### Exercise
Pictures are not part of the copy; reproduce the remaining data exactly.

### Data extract
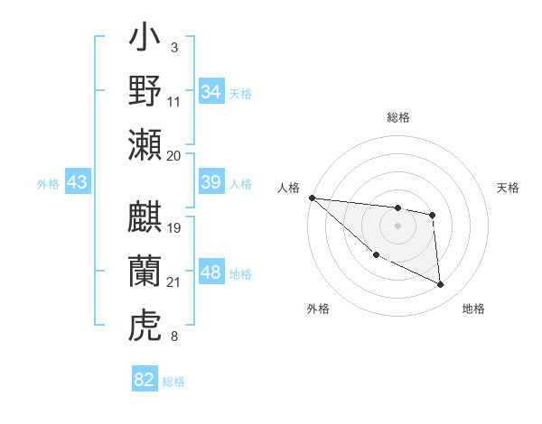 小野瀬 麒蘭虎さんの総格は82画の1点!
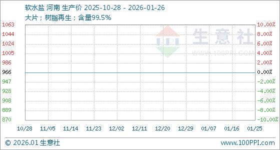 1月26日,生意社软水盐基准价为966.67元/吨,与本月初持平。
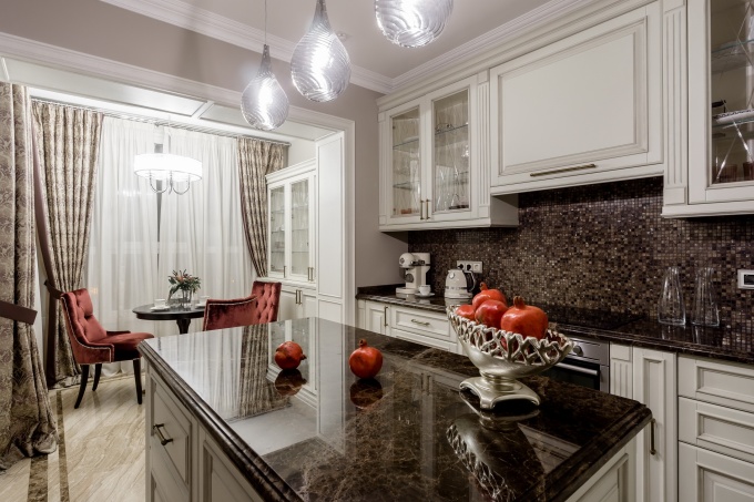 Заказчики мечтали о квартире с классическим антуражем, наполненной солнцем и яркими красками. Для архитекторов Татьяны Смирновой и Натальи Нестеренко это был первый опыт проектирования интерьера в классическом стиле. Использование насыщенной цветовой палитры постепенно вывело их на итальянскую тему, которая оказалась необычайно близка заказчикам и гармонично вписалась в пространство панорамной трехкомнатной квартиры в московской высотке.
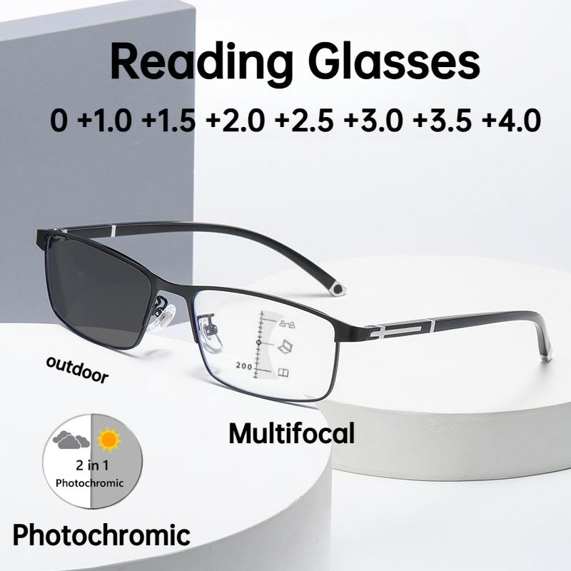 Men'S Classic Square Full Frame Photochromic Multifocal Reading Glasses Anti-Blue Light Far And Near Presbyopia Glasses
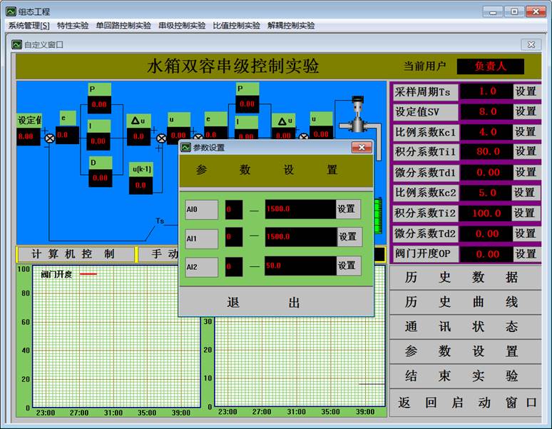 9.點(diǎn)擊“確認(rèn)”,用戶登錄完畢。選擇“串級控制實(shí)驗(yàn)”下拉菜單中的“雙容串級控制實(shí)驗(yàn)”。出現(xiàn)如下的“水箱雙容串級控制實(shí)驗(yàn)”界面。
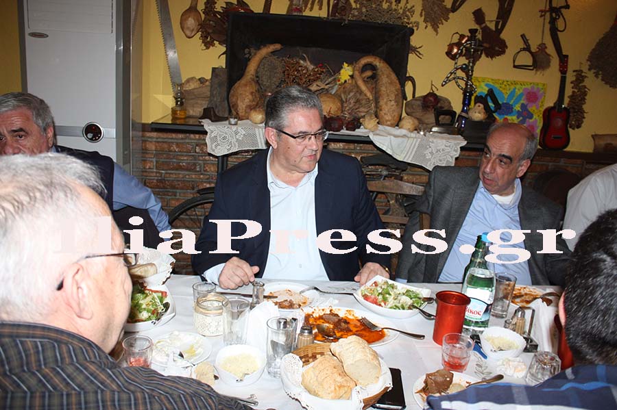 Το παραδοσιακό και φιλόξενο περιβάλλον του γνωστού στον Πύργο φαγοποτείου "Τα τεντζερέδια του Ζαχαρία" επέλεξαν ο Γ.Γ. του ΚΚΕ Δημήτριος Κουτσούμπας και οι συνεργάτες του να γευματίσουν τη Δευτέρα το μεσημέρι μετά την εκδήλωση εγκαινίων της μόνιμης έκθεσης Νίκου Μπελογιάννη στην Αμαλιάδα.
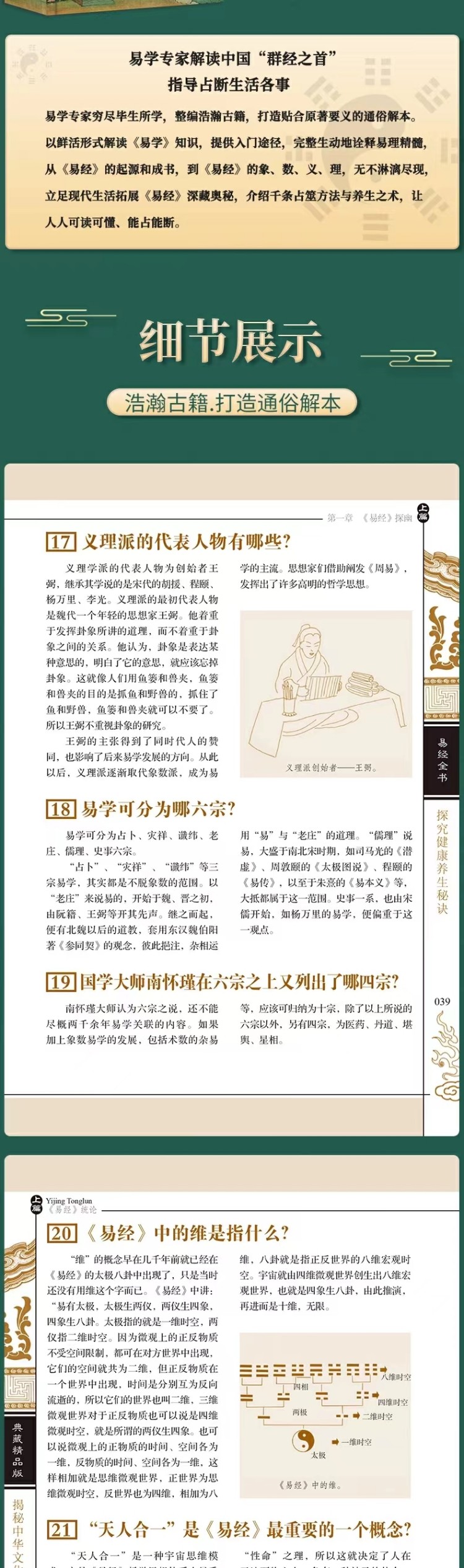 《易经全书》本书《易经全书(典藏精品版)》以问答形式开辟学[易]之路,从《易经》的起源到《易经》的象、数、义、理等,无不淋漓尽现,介绍千条占筮方法与养生之术,教您活占活断,活学活用。
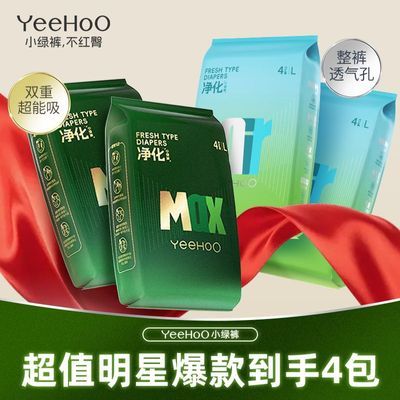 【4包装】YEEHOO小绿裤拉拉裤L码婴儿纸尿裤透气干爽
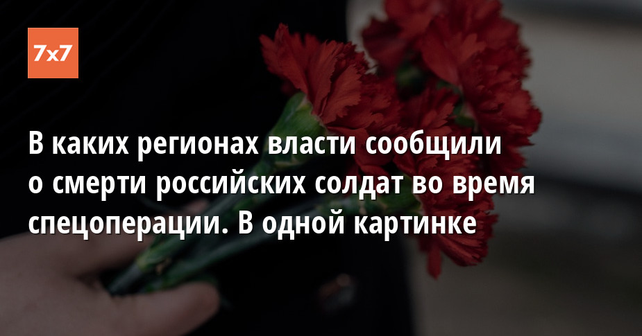 Владимир Путин объявил о начале «специальной военной операции» в Украине 24 февраля. По официальным данным Минобороны России на 2 марта во время военного конфликта погибло 498 российских военнослужащих. После этого власти регионов стали публиковать на официальных порталах и в социальных сетях информацию о погибших солдатах. Где заявили о смерти военных — в одной картинке «7х7».
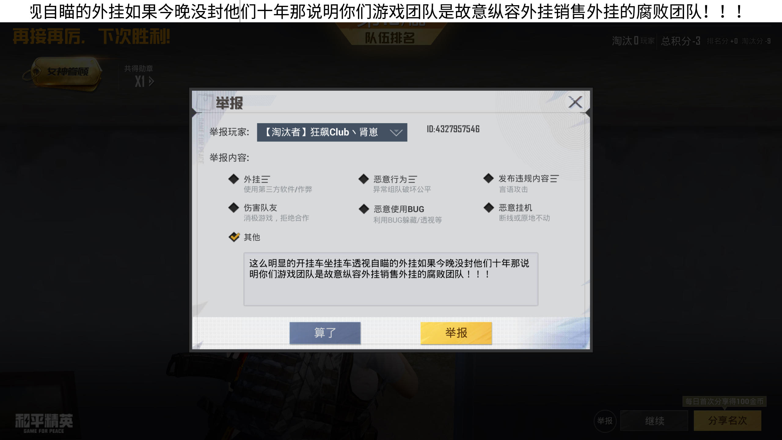 2023 2.16 晚上 凌晨1:33 距离被封号已经过去2年 事情的经过回到2021年12月份 我在跟宿友玩吃鸡 因为我以前都是一个人(s1刺激战场老玩家)然后上到大学之前 断断续续的回归这个游戏 在大学也是如此 前后也是氪了几套衣服 当然我还是喜欢刺激战场的小白裙 可是 宿友们很奇怪 每次都是几天玩几把游戏 我每次都要等几天他们上线我才开心的上线跟他们玩那几局吃鸡 可是 就是在12月那个期间 有一天上午 下课去买饭 我就想登录游戏看看 可是 突如其来的封号十年吓到了我 我一看是开挂被封十年 那个时候我前前后后尝试了申述 这种我的号被盗 异地登录 然而 客服却让我深刻的了解到了这个现实社会 ,我知道我只能认了,随后我一直用小号玩这个游戏 可是在2022年期间 我还是不甘心 我不甘心我充钱的号被别人盗 然后我还不能玩 我恨 我不甘 我申述了一次 可还是失败 今天 2023年 2月16号 我在网络上看见这种解封方法 去taptap和平精英分区发帖 客服可以看得见 现在我要以血写书 我不甘 我是一个从刺激战场到和平精英的玩家 s1玩家 我也痛恨开挂玩家 怎会与开挂者为伍! 我的qq 3145077680 电话号码如果官方人员回复 我可以出电话号码 联系 我可以放下一句话 如果我开挂 我就死亡
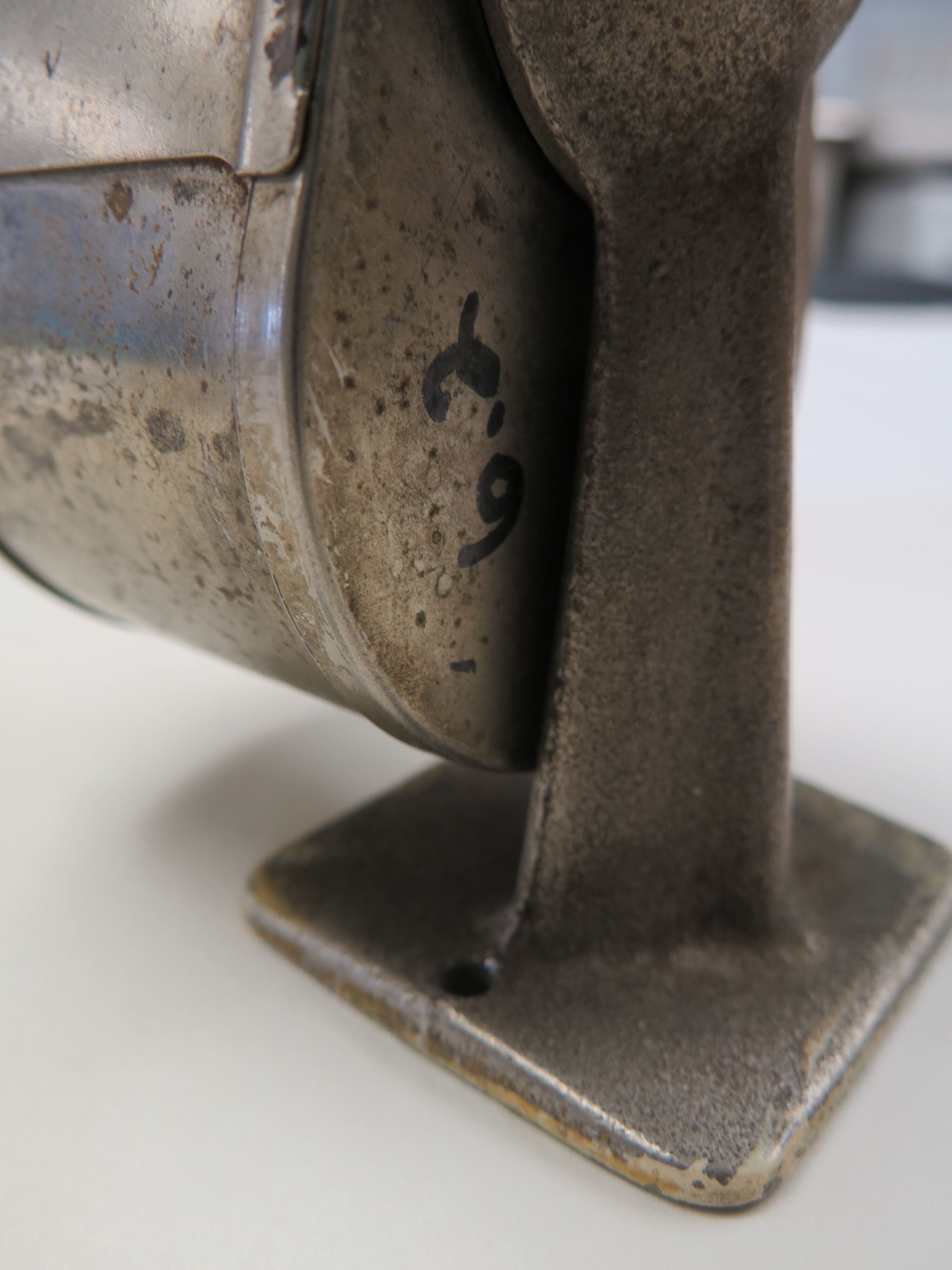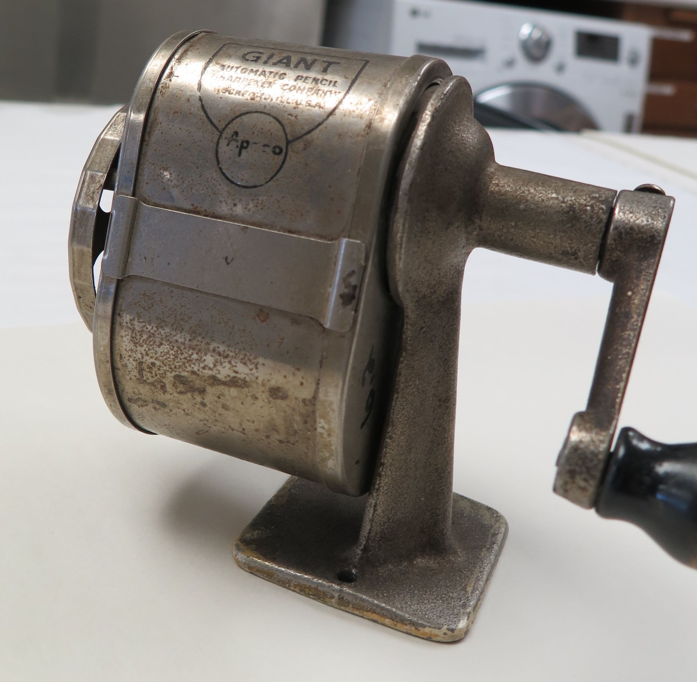 This is a metal pencil sharpener with a black wood handle. The sharpener has a removable middle section where the pencil shavings collect. The face of the sharpener has holes of different sizes that can be rotated to allow for the pencil to fit. The sharpener measures 4.25" (h) x 5" (w) x 2" (l).Collection
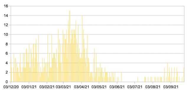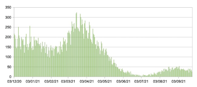 Il grafico seguente mostra i dati giornalieri relativi ai nuovi ingressi in terapia intensiva nelle Marche 3 dicembre 2020 – 25 settembre 2021.
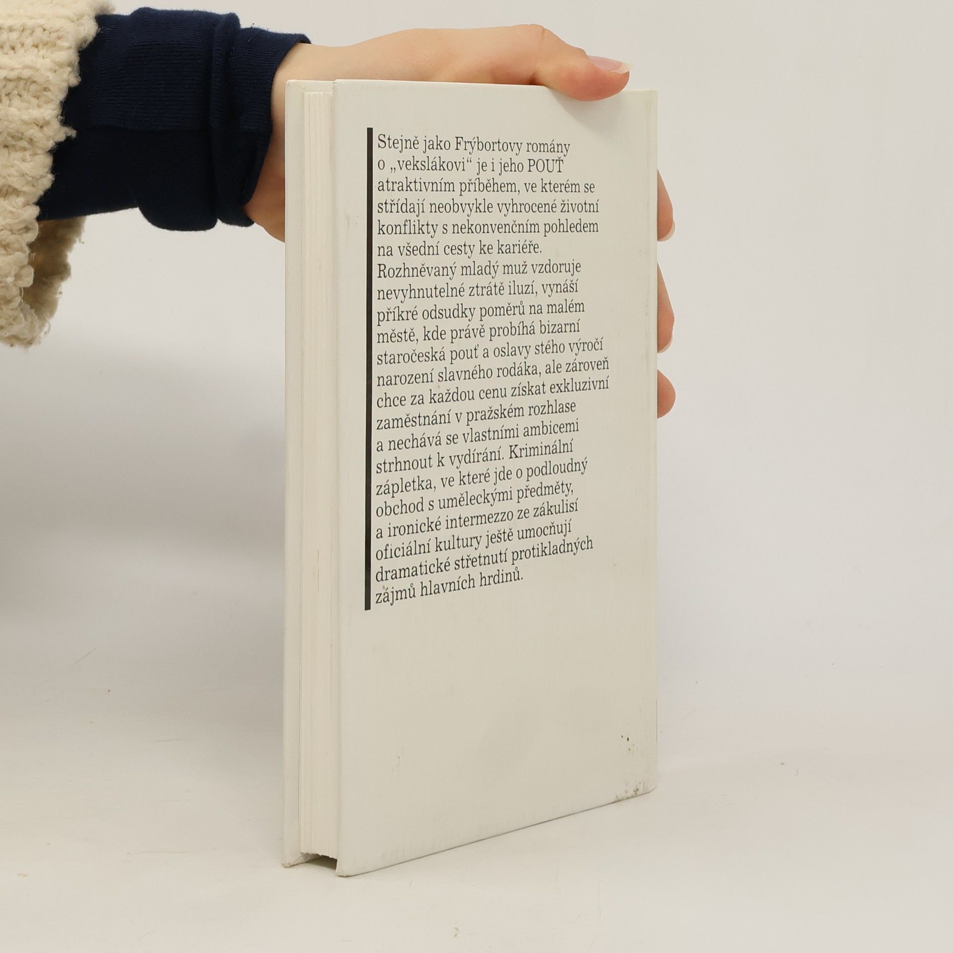 Atraktivní příběh, ve kterém se střídají neobvykle vyhrocené životní konflikty s nekonvenčním pohledem na všední cesty ke kariéře. Rozhněvaný mladý muž vzdoruje nevyhnutelné ztrátě iluzí, vynáší příkré odsudky poměrů na malém městě, kde právě probíhá bizarní staročeská pouť a oslavy 100. výročí narození slavného rodáka, ale zároveň chce za každou cenu získat exkluzivní zaměstnání v pražském rozhlase a nechává se vlastními ambicemi strhnout k vydírání. Kriminální zápletka, ve které jde o podloudný obchod s uměleckými předměty, a ironické intermezzo ze zákulisí oficiální kultury ještě umocňují dramatické střetnutí protikladných zájmů hlavních hrdinů.

### Answer for this exercise
 小野瀬 麒蘭虎さんの総格は82画の1点!
 1月26日,生意社软水盐基准价为966.67元/吨,与本月初持平。
 Заказчики мечтали о квартире с классическим антуражем, наполненной солнцем и яркими красками. Для архитекторов Татьяны Смирновой и Натальи Нестеренко это был первый опыт проектирования интерьера в классическом стиле. Использование насыщенной цветовой палитры постепенно вывело их на итальянскую тему, которая оказалась необычайно близка заказчикам и гармонично вписалась в пространство панорамной трехкомнатной квартиры в московской высотке.
 Men'S Classic Square Full Frame Photochromic Multifocal Reading Glasses Anti-Blue Light Far And Near Presbyopia Glasses
 9.點(diǎn)擊“確認(rèn)”,用戶登錄完畢。選擇“串級控制實(shí)驗(yàn)”下拉菜單中的“雙容串級控制實(shí)驗(yàn)”。出現(xiàn)如下的“水箱雙容串級控制實(shí)驗(yàn)”界面。
 Το παραδοσιακό και φιλόξενο περιβάλλον του γνωστού στον Πύργο φαγοποτείου "Τα τεντζερέδια του Ζαχαρία" επέλεξαν ο Γ.Γ. του ΚΚΕ Δημήτριος Κουτσούμπας και οι συνεργάτες του να γευματίσουν τη Δευτέρα το μεσημέρι μετά την εκδήλωση εγκαινίων της μόνιμης έκθεσης Νίκου Μπελογιάννη στην Αμαλιάδα.
 《易经全书》本书《易经全书(典藏精品版)》以问答形式开辟学[易]之路,从《易经》的起源到《易经》的象、数、义、理等,无不淋漓尽现,介绍千条占筮方法与养生之术,教您活占活断,活学活用。
 【4包装】YEEHOO小绿裤拉拉裤L码婴儿纸尿裤透气干爽
 Владимир Путин объявил о начале «специальной военной операции» в Украине 24 февраля. По официальным данным Минобороны России на 2 марта во время военного конфликта погибло 498 российских военнослужащих. После этого власти регионов стали публиковать на официальных порталах и в социальных сетях информацию о погибших солдатах. Где заявили о смерти военных — в одной картинке «7х7».
 2023 2.16 晚上 凌晨1:33 距离被封号已经过去2年 事情的经过回到2021年12月份 我在跟宿友玩吃鸡 因为我以前都是一个人(s1刺激战场老玩家)然后上到大学之前 断断续续的回归这个游戏 在大学也是如此 前后也是氪了几套衣服 当然我还是喜欢刺激战场的小白裙 可是 宿友们很奇怪 每次都是几天玩几把游戏 我每次都要等几天他们上线我才开心的上线跟他们玩那几局吃鸡 可是 就是在12月那个期间 有一天上午 下课去买饭 我就想登录游戏看看 可是 突如其来的封号十年吓到了我 我一看是开挂被封十年 那个时候我前前后后尝试了申述 这种我的号被盗 异地登录 然而 客服却让我深刻的了解到了这个现实社会 ,我知道我只能认了,随后我一直用小号玩这个游戏 可是在2022年期间 我还是不甘心 我不甘心我充钱的号被别人盗 然后我还不能玩 我恨 我不甘 我申述了一次 可还是失败 今天 2023年 2月16号 我在网络上看见这种解封方法 去taptap和平精英分区发帖 客服可以看得见 现在我要以血写书 我不甘 我是一个从刺激战场到和平精英的玩家 s1玩家 我也痛恨开挂玩家 怎会与开挂者为伍! 我的qq 3145077680 电话号码如果官方人员回复 我可以出电话号码 联系 我可以放下一句话 如果我开挂 我就死亡
 This is a metal pencil sharpener with a black wood handle. The sharpener has a removable middle section where the pencil shavings collect. The face of the sharpener has holes of different sizes that can be rotated to allow for the pencil to fit. The sharpener measures 4.25" (h) x 5" (w) x 2" (l).Collection
 Il grafico seguente mostra i dati giornalieri relativi ai nuovi ingressi in terapia intensiva nelle Marche 3 dicembre 2020 – 25 settembre 2021.
 Atraktivní příběh, ve kterém se střídají neobvykle vyhrocené životní konflikty s nekonvenčním pohledem na všední cesty ke kariéře. Rozhněvaný mladý muž vzdoruje nevyhnutelné ztrátě iluzí, vynáší příkré odsudky poměrů na malém městě, kde právě probíhá bizarní staročeská pouť a oslavy 100. výročí narození slavného rodáka, ale zároveň chce za každou cenu získat exkluzivní zaměstnání v pražském rozhlase a nechává se vlastními ambicemi strhnout k vydírání. Kriminální zápletka, ve které jde o podloudný obchod s uměleckými předměty, a ironické intermezzo ze zákulisí oficiální kultury ještě umocňují dramatické střetnutí protikladných zájmů hlavních hrdinů.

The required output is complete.